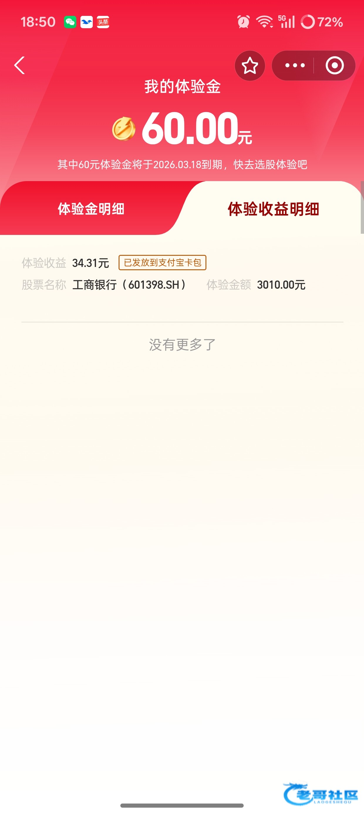 领取过50的后面还有个股票体验金红包任务
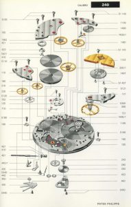 Nel corso degli anni al Calibro 240 base sono state aggiunte diverse funzioni, dal calendario perpetuo (Calibro 240Q) che portò lo spessore a mm 3,75, al Calibro 240 PS con piccoli secondi tra le 4 e le 5.. E ancora nella Ref.5000 il Calibro 240 PS IRM C LU con la riserva di carica e la luna, nella Ref 5015 o 5055 (quest’ultima prodotta dal 1997 al 2004) o nel Calibro 240 HU ora universale per la Ref.5110 (ma anche 5130). Infine il Calibro 240 LU CL C è stato scelto per il Gran Complicato Ref.6102 Celestial e l’elenco potrebbe continuare.
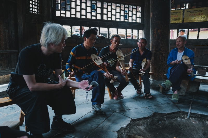 音樂人小河與宰蕩侗寨牛腿琴演奏者交流
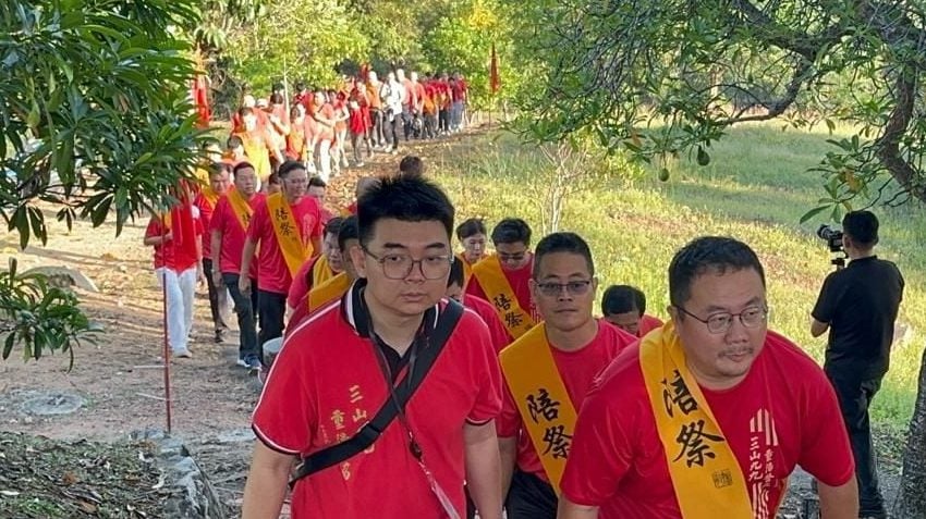 第19届“三山九九•重阳登高”今早在马六甲三宝山展开,让三宝山再现红色人龙环山的壮观场面,并延续中华传统习俗。
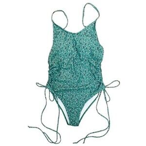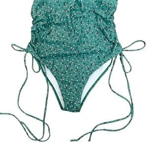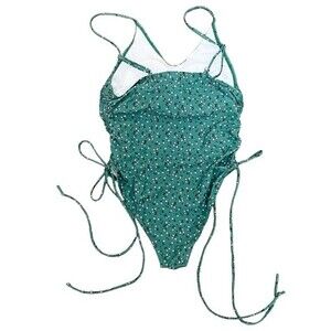 Romwe Green & White Floral Print Side Drawstring One Piece Swimsuit Size Large
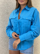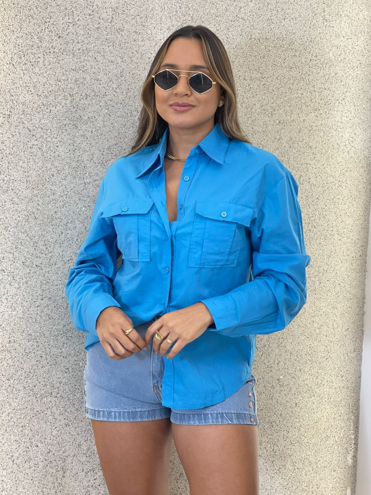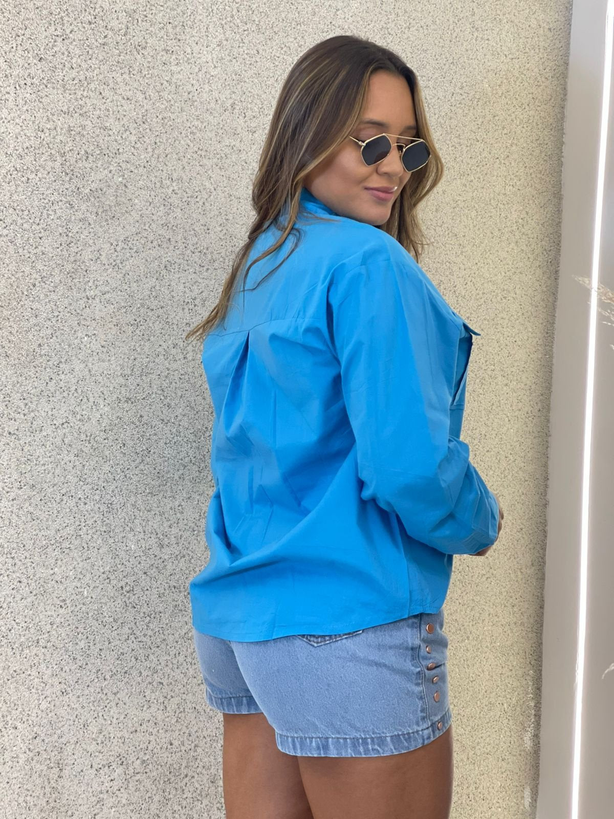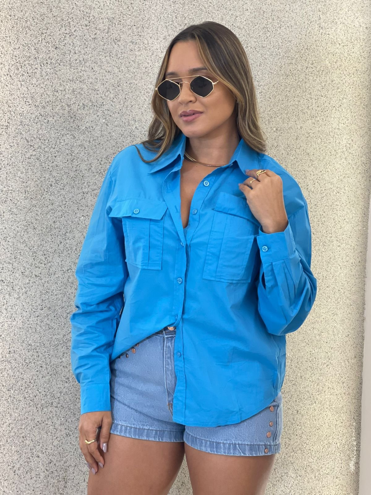 BLUSA SOCIAL EM POLIESTER ZOE AZUL
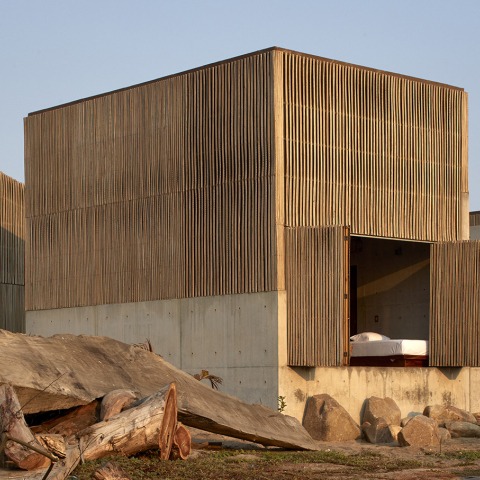 The palm bone skin, a technique traditionally used in informal beach huts, was adapted to provide a contemporary interpretation of vernacular construction techniques. Its usage brings transparency, permeability allowing cross ventilation and views to the outside without the need for windows.
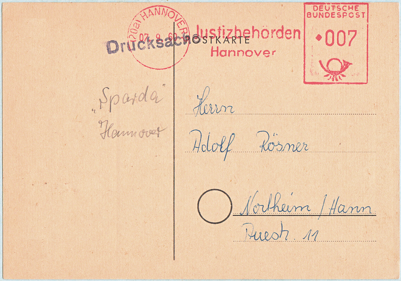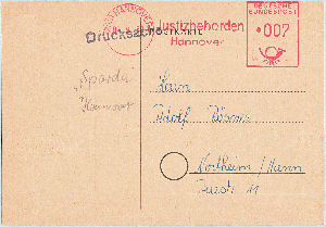 Und hier eine kleine Nachkriegs-Sukzession des Absenderfreistempelwesens der Justizbehörden Göttingen, beginnend mit einer
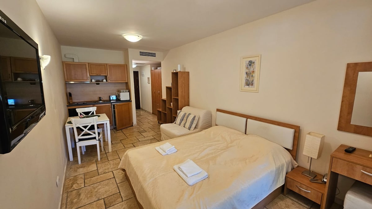 Mükemmel bir konumda bulunan bu mekândan Kavarna kasaba merkezine, yerel plaja (3 km uzaklıkta) ve çevredeki Karadeniz bölgelerine kolayca erişmenin keyfini çıkarın. Yaşam alanı, donanımlı mutfak ve geniş 20 metrekarelik terasa açılan genişletilebilir uyku alanına sahip açık planlı stüdyo. Bir kişi için mükemmel, iki kişi için rahat. Ücretsiz otopark. İnternet. Televizyon yok. Uzun süreli konaklamalar için harika.
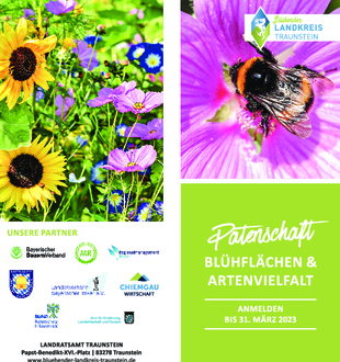 | - | Anmeldung beim Maschinen- und Betriebshilfsring Traunstein e.V. unter mr.traunstein@maschinenringe.de, telefonisch per 08669 8655 – 0 oder online unter Patenschaft Blühflächen & Artenvielfalt (eveeno.com) |
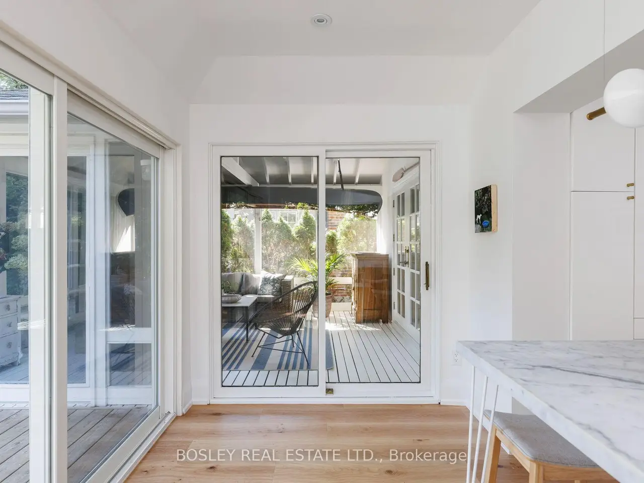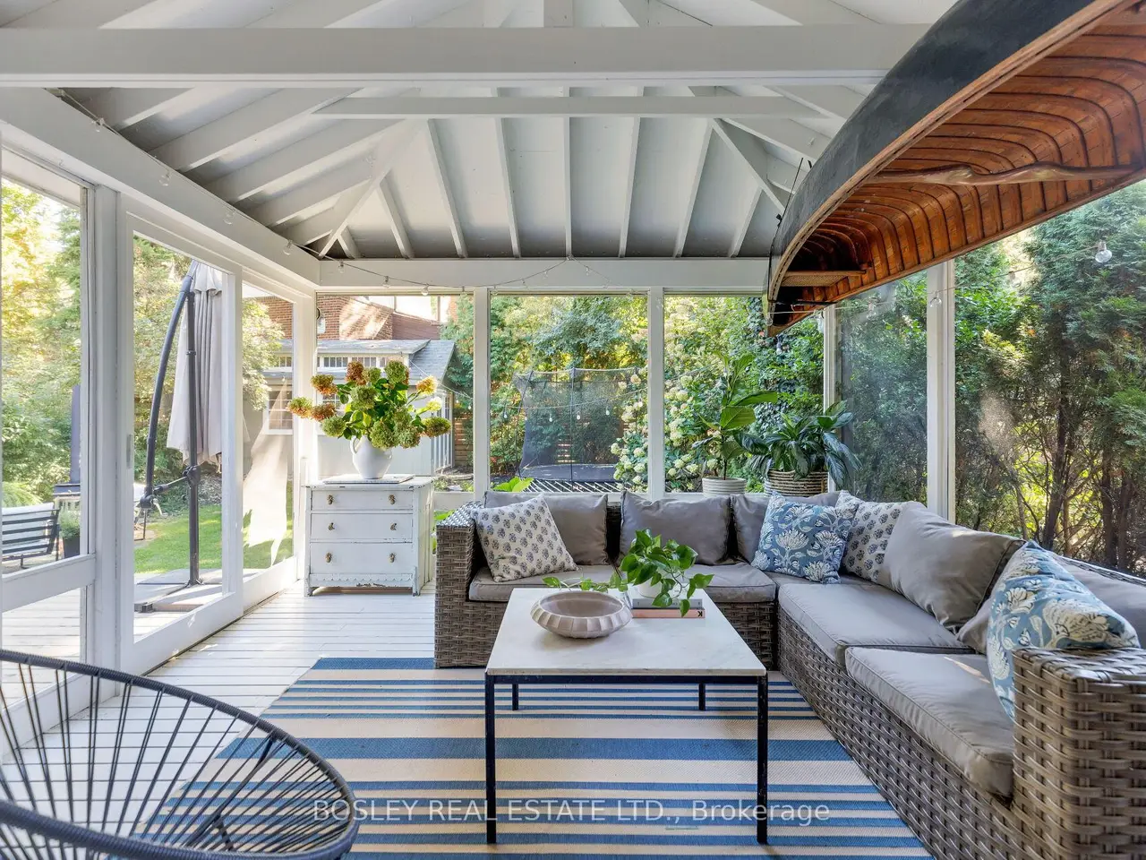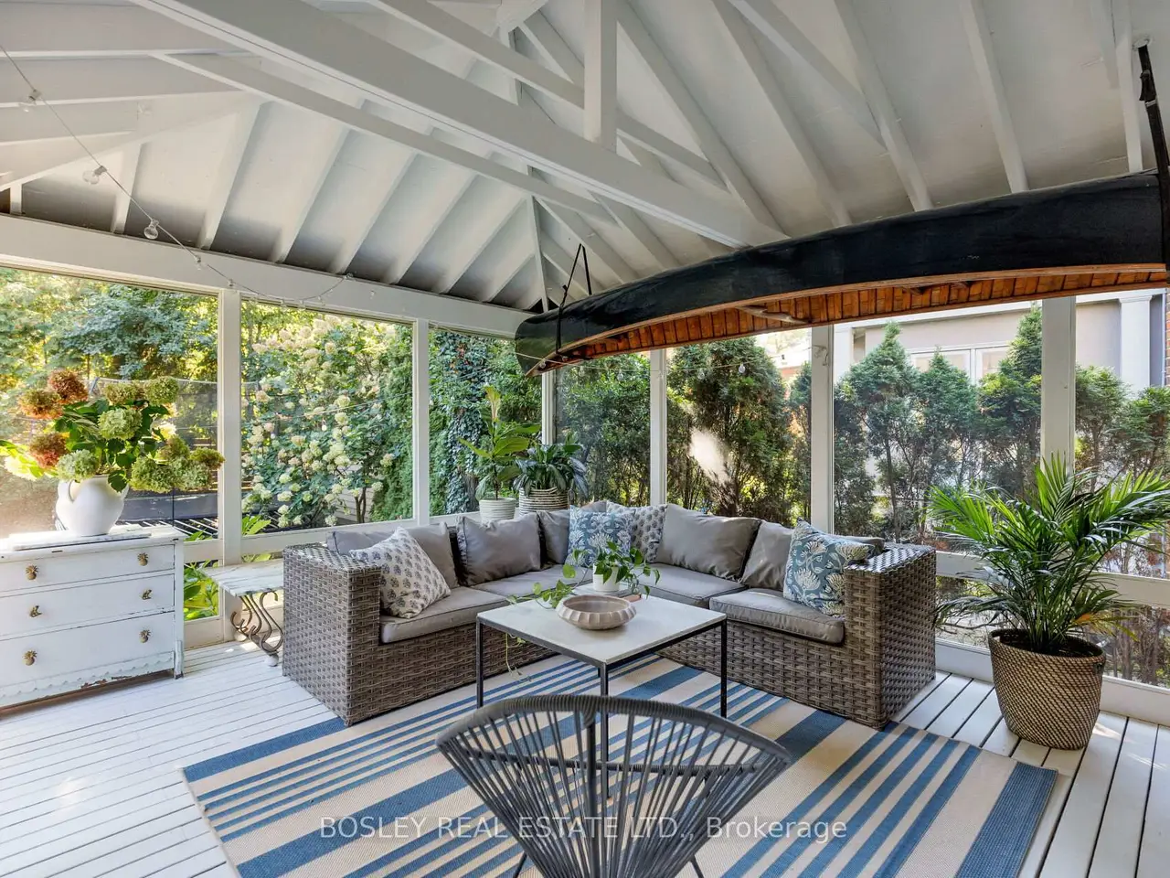 Designed with families in mind, this elegant residence blends period charm with modern design. Generous room sizes, thoughtful flow, and beautiful finishes make it as stylish as it is practical for busy family life. At the heart of the home, the chefs kitchen is anchored by a massive marble island (perfect for cooking, homework, or family gatherings), complete with heated wide-plank white oak floors, a 6-burner AGA stove, dual KitchenAid dishwashers, sleek cabinetry, and brass accents. Sliding doors open seamlessly to a cedar deck and private backyard, while the screened Muskoka room extends the seasons for outdoor living. The formal living room, with leaded-glass windows and an oversized Valor gas fireplace, offers a warm space for family downtime or entertaining. Upstairs, three generous bedrooms and a charming family bath with clawfoot tub provide plenty of room for children. The third-floor primary retreat is a serene escape, featuring cathedral ceilings, a cozy lounge area, walk-in closet, and a 5 piece ensuite with custom double vanity, quartz counters, and champagne-brass fixtures, all framed by tranquil treetop views.The bright, professionally waterproofed lower level functions beautifully as an in-law or nanny suite with private side entrance, kitchenette/laundry, a large bedroom, and a spacious rec room, ideal for kids' play or teen hangouts. Outdoors, enjoy landscaped front gardens with hydrangea and a maple tree, a lush fenced backyard with privacy hedging, and parking for three on the private drive.A rare opportunity to own a home that radiates warmth, character, and style- plus all the practicalities of family living- in a coveted neighbourhood setting, just steps from top schools, the Baby point club, Bloor's shops and restaurants, the Humber River parks and bike path, and the TTC.
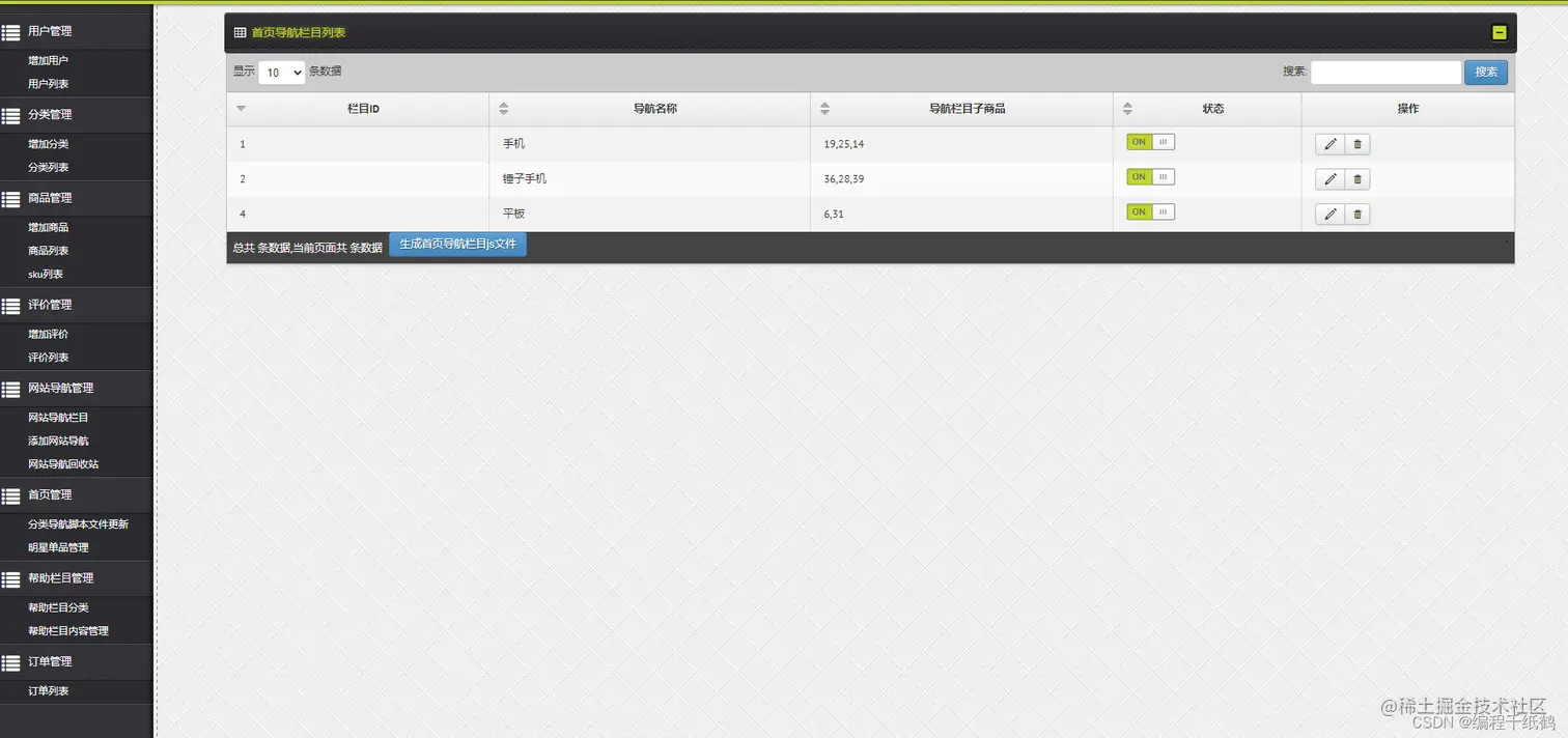 后台数据管理功能,主要完成对前端页面所产生的相关业务数据进行管理。比如对注册用户的管理、商品的管理、用户的订单管理、产品分类的管理等等。后台管理可以有效的帮助网站运营者查看相关信息,了解每天的产品销售情况,订单情况,以便于及时的进行销售策略的调整等等,是至关重要的一环

******

§ Exercise description
Leaving pictures out, output the lines of the data above from the one with "Romwe Green &" through the one with "BLUSA SOCIAL EM POLIESTER ZOE AZUL", word for word.

§ Written response
 Romwe Green & White Floral Print Side Drawstring One Piece Swimsuit Size Large
 BLUSA SOCIAL EM POLIESTER ZOE AZUL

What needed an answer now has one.